§ **WHAT IS NEEDED**: The whole listing should be retyped word for word, apart from the pictures it holds.

═════ EXERCISE DATA ═════

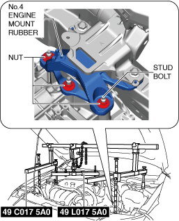 5.Lift up the transaxle using the SSTs, pass the stud bolt through the No.4 engine mount rubber, and temporarily tighten the No.4 engine mount rubber installation nuts.
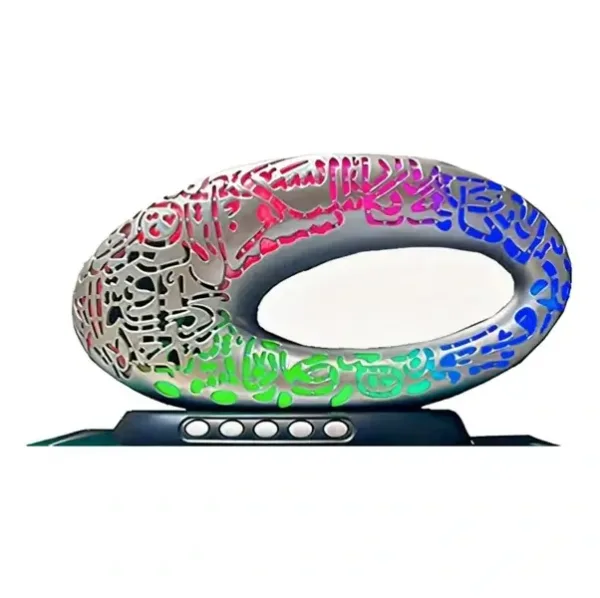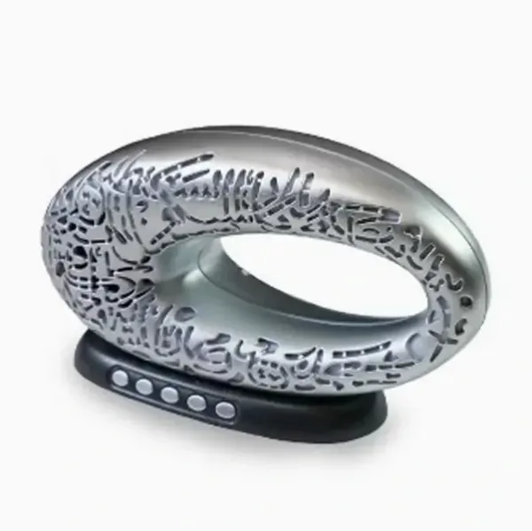 Le haut-parleur Quran avec lumière colorée Azan de la forme du musée du futur de Dubaï est un produit unique et polyvalent qui allie la technologie moderne à la culture islamique traditionnelle. Avec sa récitation de haute qualité du Coran, sa fonction Azan et sa lumière LED colorée, ce haut-parleur est l’accessoire parfait pour ceux qui veulent écouter le Coran ou leur musique préférée avec style.
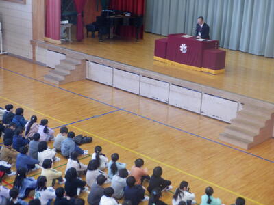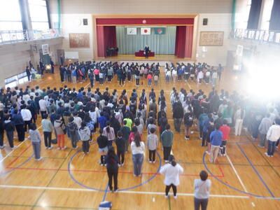 終業式のあと、生徒指導主任の先生から冬休みの過ごし方についてお話がありました。子どもたちが安全に、そして充実した冬休みを過ごせるようにと、「4つのK」をキーワードにした温かいメッセージが届けられました。 1つ目の「K」は 「きそく」。 2つ目の「K」は 「計画的に」。 3つ目の「K」は 「お金」。 4つ目の「K」は 「危険」。 交通安全のお話では、車が時速40kmで走っている場合、ブレーキを踏んでから止まるまでに 21m も進んでしまうことを紹介しました。実際に21mの長さをすずらんテープで確かめると、子どもたちは「こんなにも止まらないんだ」と驚いた様子でした。こうした体験を通して、子どもたちは自分の身を守る大切さを実感していました。 冬休みが、子どもたちにとって安全で、家族と温かい時間を過ごせる期間になりますように。 |
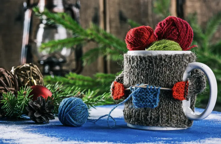 観葉植物の鉢を、ニット素材や木製の鉢カバーに変えてみるだけで、ぐっと冬の雰囲気に。

═════

§ **REPLY TO THE TASK**:
 5.Lift up the transaxle using the SSTs, pass the stud bolt through the No.4 engine mount rubber, and temporarily tighten the No.4 engine mount rubber installation nuts.
 Le haut-parleur Quran avec lumière colorée Azan de la forme du musée du futur de Dubaï est un produit unique et polyvalent qui allie la technologie moderne à la culture islamique traditionnelle. Avec sa récitation de haute qualité du Coran, sa fonction Azan et sa lumière LED colorée, ce haut-parleur est l’accessoire parfait pour ceux qui veulent écouter le Coran ou leur musique préférée avec style.
 終業式のあと、生徒指導主任の先生から冬休みの過ごし方についてお話がありました。子どもたちが安全に、そして充実した冬休みを過ごせるようにと、「4つのK」をキーワードにした温かいメッセージが届けられました。 1つ目の「K」は 「きそく」。 2つ目の「K」は 「計画的に」。 3つ目の「K」は 「お金」。 4つ目の「K」は 「危険」。 交通安全のお話では、車が時速40kmで走っている場合、ブレーキを踏んでから止まるまでに 21m も進んでしまうことを紹介しました。実際に21mの長さをすずらんテープで確かめると、子どもたちは「こんなにも止まらないんだ」と驚いた様子でした。こうした体験を通して、子どもたちは自分の身を守る大切さを実感していました。 冬休みが、子どもたちにとって安全で、家族と温かい時間を過ごせる期間になりますように。 |
 観葉植物の鉢を、ニット素材や木製の鉢カバーに変えてみるだけで、ぐっと冬の雰囲気に。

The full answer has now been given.